__Work task__. Begin with the line below holding "ОТВЕТ на задание" and go on through the line holding "Satin sleep mask", duplicating each line exactly and leaving out pictures.

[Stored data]
==============================

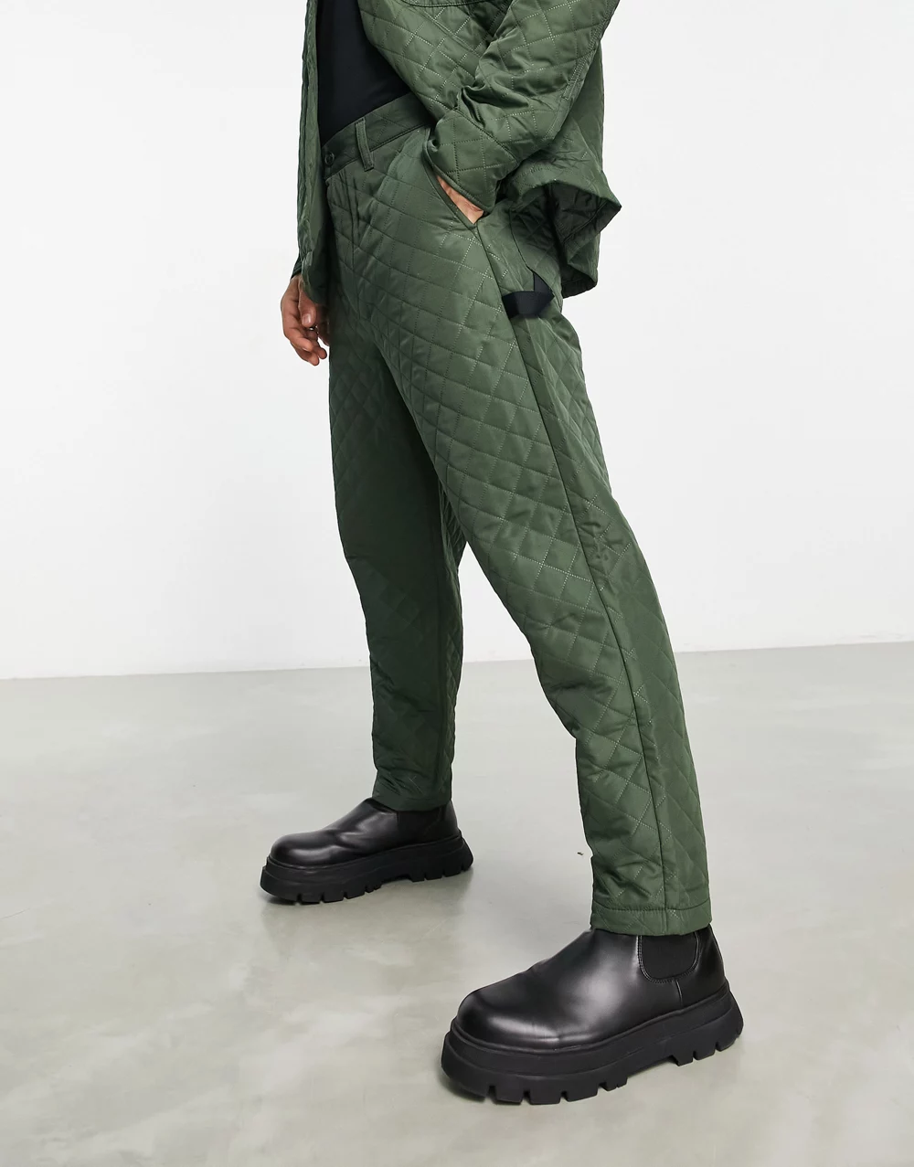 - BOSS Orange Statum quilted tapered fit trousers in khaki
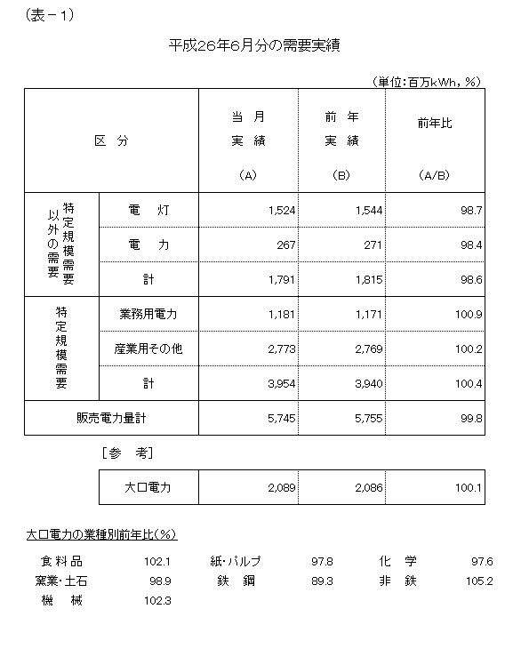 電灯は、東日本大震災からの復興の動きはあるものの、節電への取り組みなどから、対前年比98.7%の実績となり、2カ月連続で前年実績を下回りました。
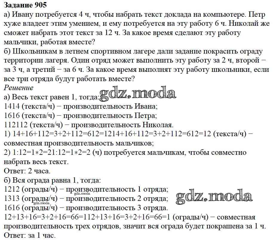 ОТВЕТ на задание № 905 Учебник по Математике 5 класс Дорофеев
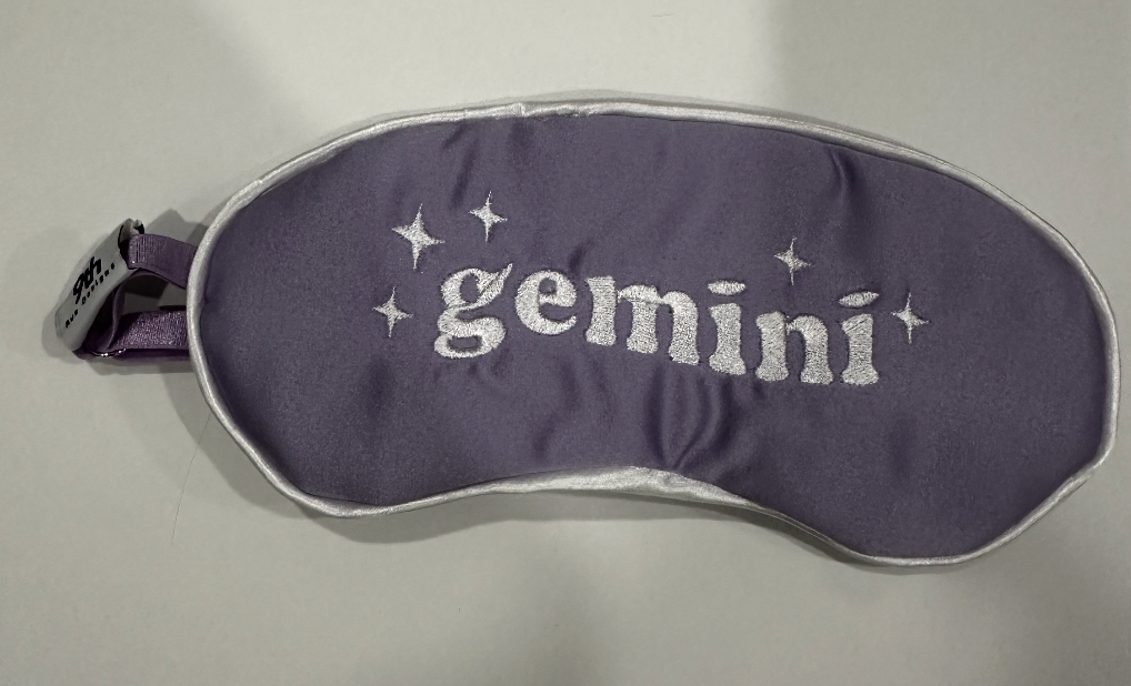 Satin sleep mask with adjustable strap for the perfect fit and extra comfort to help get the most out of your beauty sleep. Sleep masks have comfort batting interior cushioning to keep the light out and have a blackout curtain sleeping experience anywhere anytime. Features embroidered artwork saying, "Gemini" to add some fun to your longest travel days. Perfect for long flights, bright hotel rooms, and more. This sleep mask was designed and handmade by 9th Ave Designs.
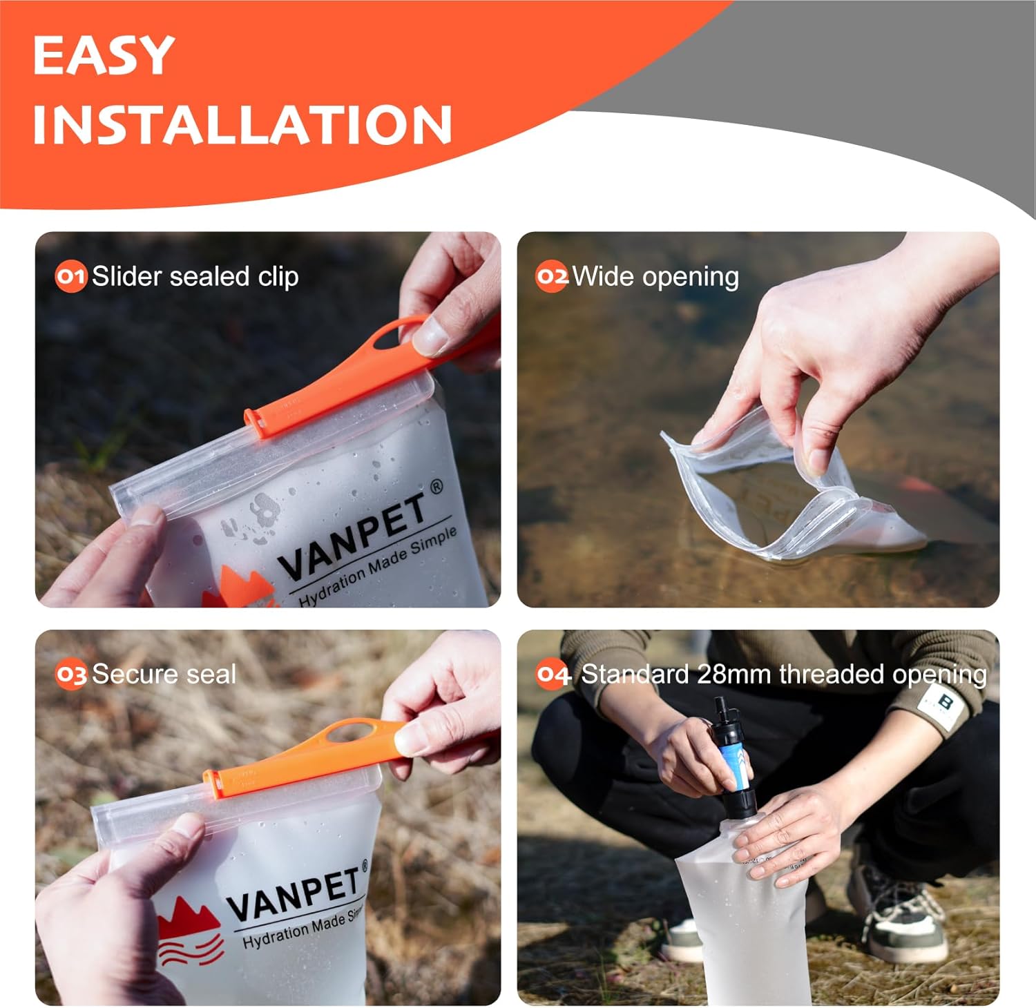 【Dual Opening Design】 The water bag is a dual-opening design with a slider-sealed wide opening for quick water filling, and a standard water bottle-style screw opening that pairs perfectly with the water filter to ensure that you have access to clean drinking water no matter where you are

==============================

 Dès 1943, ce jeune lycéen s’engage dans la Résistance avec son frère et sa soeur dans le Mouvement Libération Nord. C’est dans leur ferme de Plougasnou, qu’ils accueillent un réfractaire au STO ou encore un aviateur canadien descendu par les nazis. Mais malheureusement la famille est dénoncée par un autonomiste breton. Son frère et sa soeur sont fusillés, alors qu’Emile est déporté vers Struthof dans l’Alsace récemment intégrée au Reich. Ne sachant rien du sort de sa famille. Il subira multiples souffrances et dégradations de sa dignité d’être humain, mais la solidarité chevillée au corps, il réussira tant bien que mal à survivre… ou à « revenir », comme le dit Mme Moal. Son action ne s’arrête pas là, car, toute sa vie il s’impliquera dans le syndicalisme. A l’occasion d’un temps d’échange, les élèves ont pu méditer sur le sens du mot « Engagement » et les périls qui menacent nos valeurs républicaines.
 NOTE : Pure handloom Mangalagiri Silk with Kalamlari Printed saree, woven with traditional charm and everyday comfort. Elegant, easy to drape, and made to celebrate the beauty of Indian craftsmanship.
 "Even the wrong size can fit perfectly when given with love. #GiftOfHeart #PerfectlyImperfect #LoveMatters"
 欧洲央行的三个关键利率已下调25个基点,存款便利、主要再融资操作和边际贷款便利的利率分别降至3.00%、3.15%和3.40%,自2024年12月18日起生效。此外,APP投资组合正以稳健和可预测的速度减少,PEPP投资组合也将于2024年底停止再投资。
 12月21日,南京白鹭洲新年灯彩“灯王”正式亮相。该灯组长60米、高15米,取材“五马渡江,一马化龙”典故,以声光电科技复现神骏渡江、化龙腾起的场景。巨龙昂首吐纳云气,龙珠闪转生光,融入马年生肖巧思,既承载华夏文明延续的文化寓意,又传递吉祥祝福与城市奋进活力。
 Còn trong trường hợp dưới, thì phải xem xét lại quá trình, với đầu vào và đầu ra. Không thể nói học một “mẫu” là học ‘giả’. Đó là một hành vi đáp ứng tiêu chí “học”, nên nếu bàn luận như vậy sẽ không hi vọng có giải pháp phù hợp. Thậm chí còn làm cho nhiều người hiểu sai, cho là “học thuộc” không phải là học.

==============================

__Task answer__.
 ОТВЕТ на задание № 905 Учебник по Математике 5 класс Дорофеев
 Satin sleep mask with adjustable strap for the perfect fit and extra comfort to help get the most out of your beauty sleep. Sleep masks have comfort batting interior cushioning to keep the light out and have a blackout curtain sleeping experience anywhere anytime. Features embroidered artwork saying, "Gemini" to add some fun to your longest travel days. Perfect for long flights, bright hotel rooms, and more. This sleep mask was designed and handmade by 9th Ave Designs.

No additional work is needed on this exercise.